[Opening TASK INPUT section]

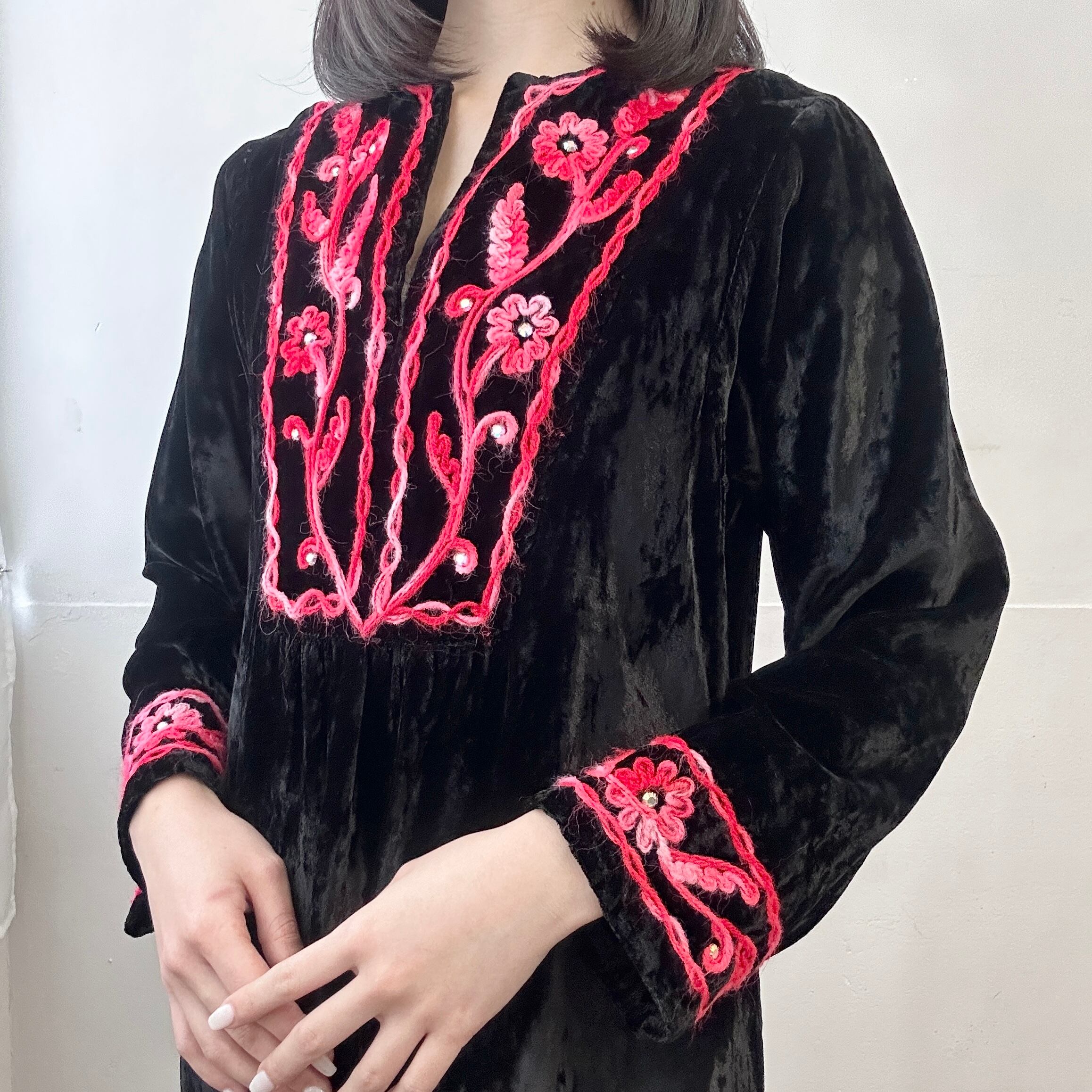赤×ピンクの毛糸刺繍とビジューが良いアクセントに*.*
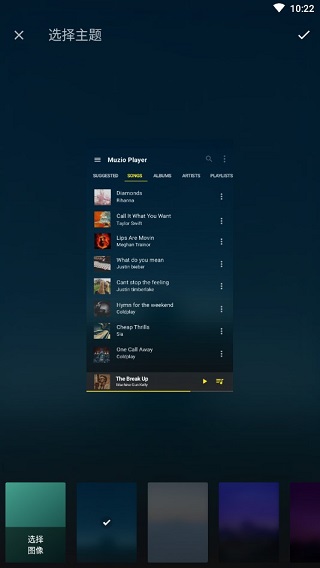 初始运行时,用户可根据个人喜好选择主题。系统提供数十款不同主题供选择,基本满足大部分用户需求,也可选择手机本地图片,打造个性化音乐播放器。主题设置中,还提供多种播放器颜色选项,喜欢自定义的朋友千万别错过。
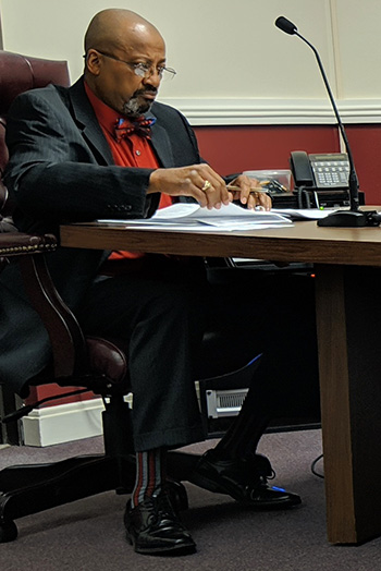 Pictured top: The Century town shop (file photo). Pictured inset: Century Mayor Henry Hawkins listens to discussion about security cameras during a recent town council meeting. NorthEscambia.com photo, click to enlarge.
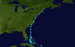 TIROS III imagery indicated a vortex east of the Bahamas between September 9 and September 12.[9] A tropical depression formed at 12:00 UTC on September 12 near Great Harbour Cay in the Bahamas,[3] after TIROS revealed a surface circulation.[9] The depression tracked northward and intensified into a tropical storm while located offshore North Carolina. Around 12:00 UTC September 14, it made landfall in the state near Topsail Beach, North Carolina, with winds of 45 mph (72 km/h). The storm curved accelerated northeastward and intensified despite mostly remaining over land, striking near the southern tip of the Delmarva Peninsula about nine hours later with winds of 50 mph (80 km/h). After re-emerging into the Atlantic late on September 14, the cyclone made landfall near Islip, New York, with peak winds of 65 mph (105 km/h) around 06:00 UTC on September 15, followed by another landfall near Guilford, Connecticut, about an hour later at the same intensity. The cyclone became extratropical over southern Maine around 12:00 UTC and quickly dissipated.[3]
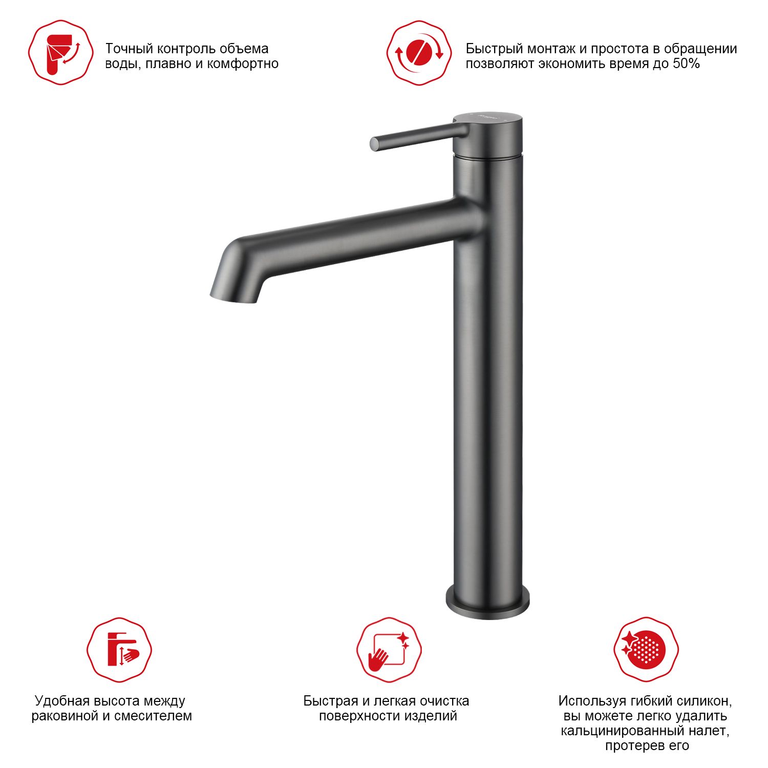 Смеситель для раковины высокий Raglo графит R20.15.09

[Closing TASK INPUT section]
[Opening TASK INPUT section]

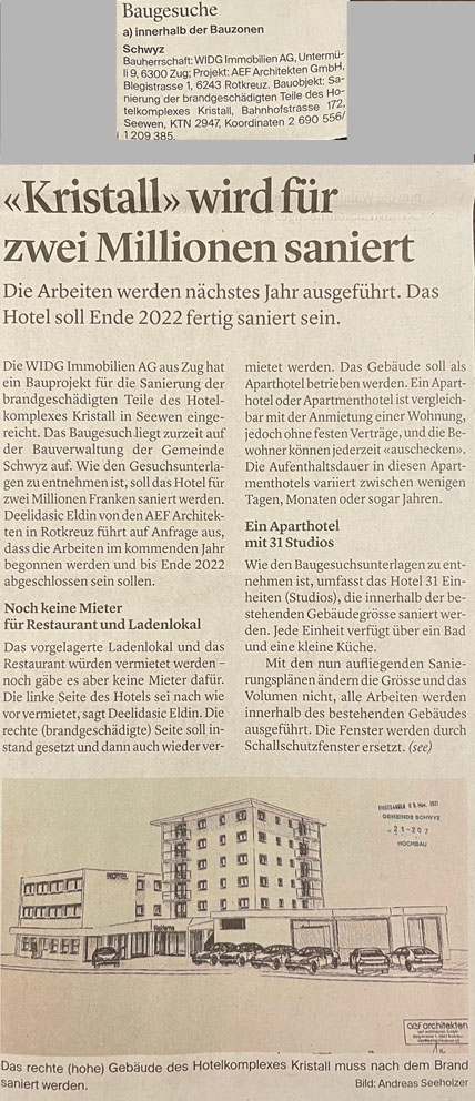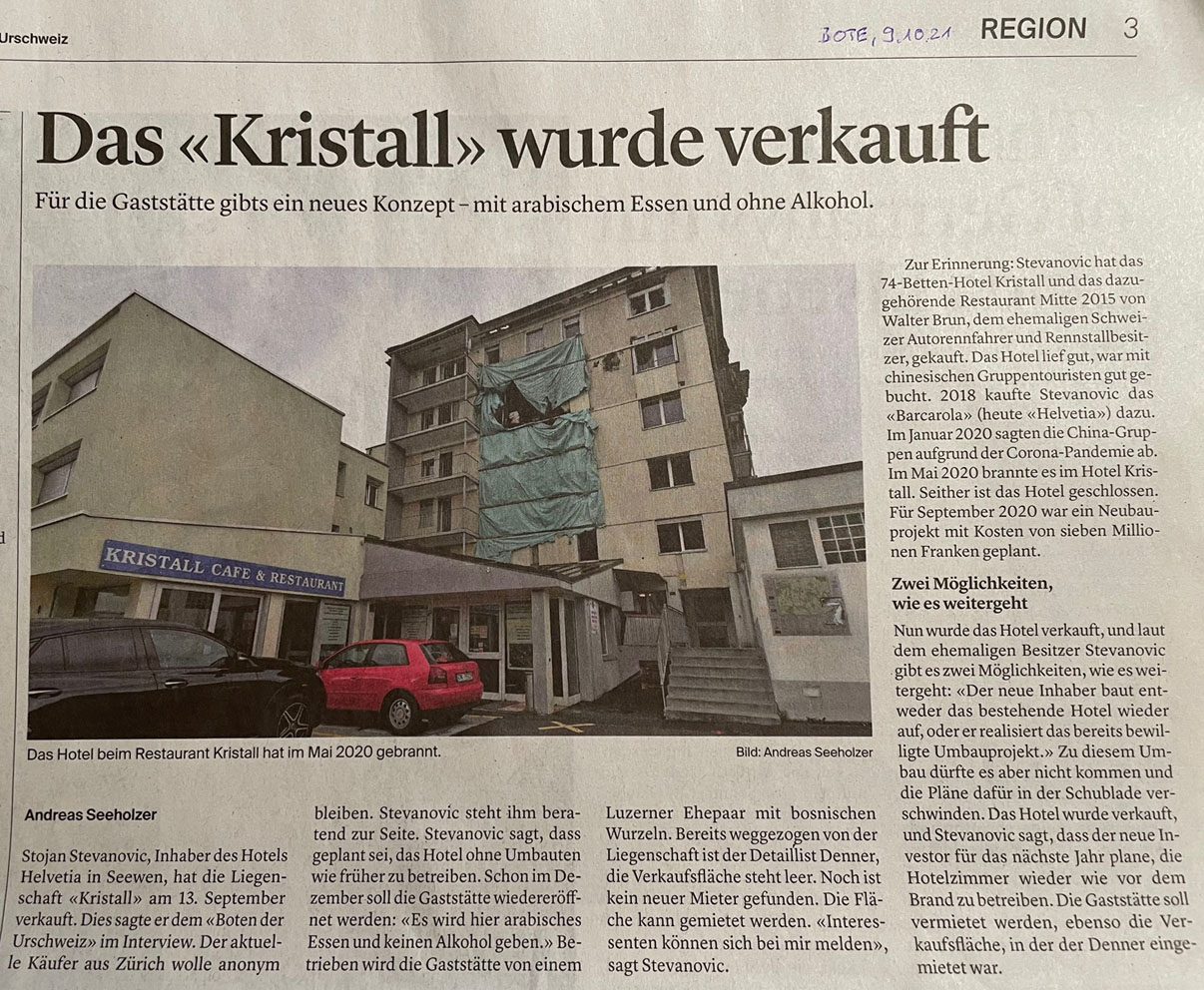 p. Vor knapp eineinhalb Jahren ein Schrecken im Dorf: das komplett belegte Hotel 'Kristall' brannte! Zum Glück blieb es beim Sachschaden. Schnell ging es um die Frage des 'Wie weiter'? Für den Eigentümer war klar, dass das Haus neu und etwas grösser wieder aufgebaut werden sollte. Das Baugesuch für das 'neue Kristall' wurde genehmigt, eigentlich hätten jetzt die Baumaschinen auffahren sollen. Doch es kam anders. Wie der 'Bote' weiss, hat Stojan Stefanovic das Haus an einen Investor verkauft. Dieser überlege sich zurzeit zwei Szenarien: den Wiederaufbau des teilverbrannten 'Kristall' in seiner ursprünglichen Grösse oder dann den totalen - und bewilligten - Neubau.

[Closing TASK INPUT section]

▶ _WORK TO BE COMPLETED_:
Which part of the entries opens with the line containing "初始运行时,用户可根据个人喜" and closes with the line containing "Смеситель для раковины"? Output that part exactly, ends included, pictures excluded.

▶ _SOLUTION TO THE EXERCISE_:
 初始运行时,用户可根据个人喜好选择主题。系统提供数十款不同主题供选择,基本满足大部分用户需求,也可选择手机本地图片,打造个性化音乐播放器。主题设置中,还提供多种播放器颜色选项,喜欢自定义的朋友千万别错过。
 Pictured top: The Century town shop (file photo). Pictured inset: Century Mayor Henry Hawkins listens to discussion about security cameras during a recent town council meeting. NorthEscambia.com photo, click to enlarge.
 TIROS III imagery indicated a vortex east of the Bahamas between September 9 and September 12.[9] A tropical depression formed at 12:00 UTC on September 12 near Great Harbour Cay in the Bahamas,[3] after TIROS revealed a surface circulation.[9] The depression tracked northward and intensified into a tropical storm while located offshore North Carolina. Around 12:00 UTC September 14, it made landfall in the state near Topsail Beach, North Carolina, with winds of 45 mph (72 km/h). The storm curved accelerated northeastward and intensified despite mostly remaining over land, striking near the southern tip of the Delmarva Peninsula about nine hours later with winds of 50 mph (80 km/h). After re-emerging into the Atlantic late on September 14, the cyclone made landfall near Islip, New York, with peak winds of 65 mph (105 km/h) around 06:00 UTC on September 15, followed by another landfall near Guilford, Connecticut, about an hour later at the same intensity. The cyclone became extratropical over southern Maine around 12:00 UTC and quickly dissipated.[3]
 Смеситель для раковины высокий Raglo графит R20.15.09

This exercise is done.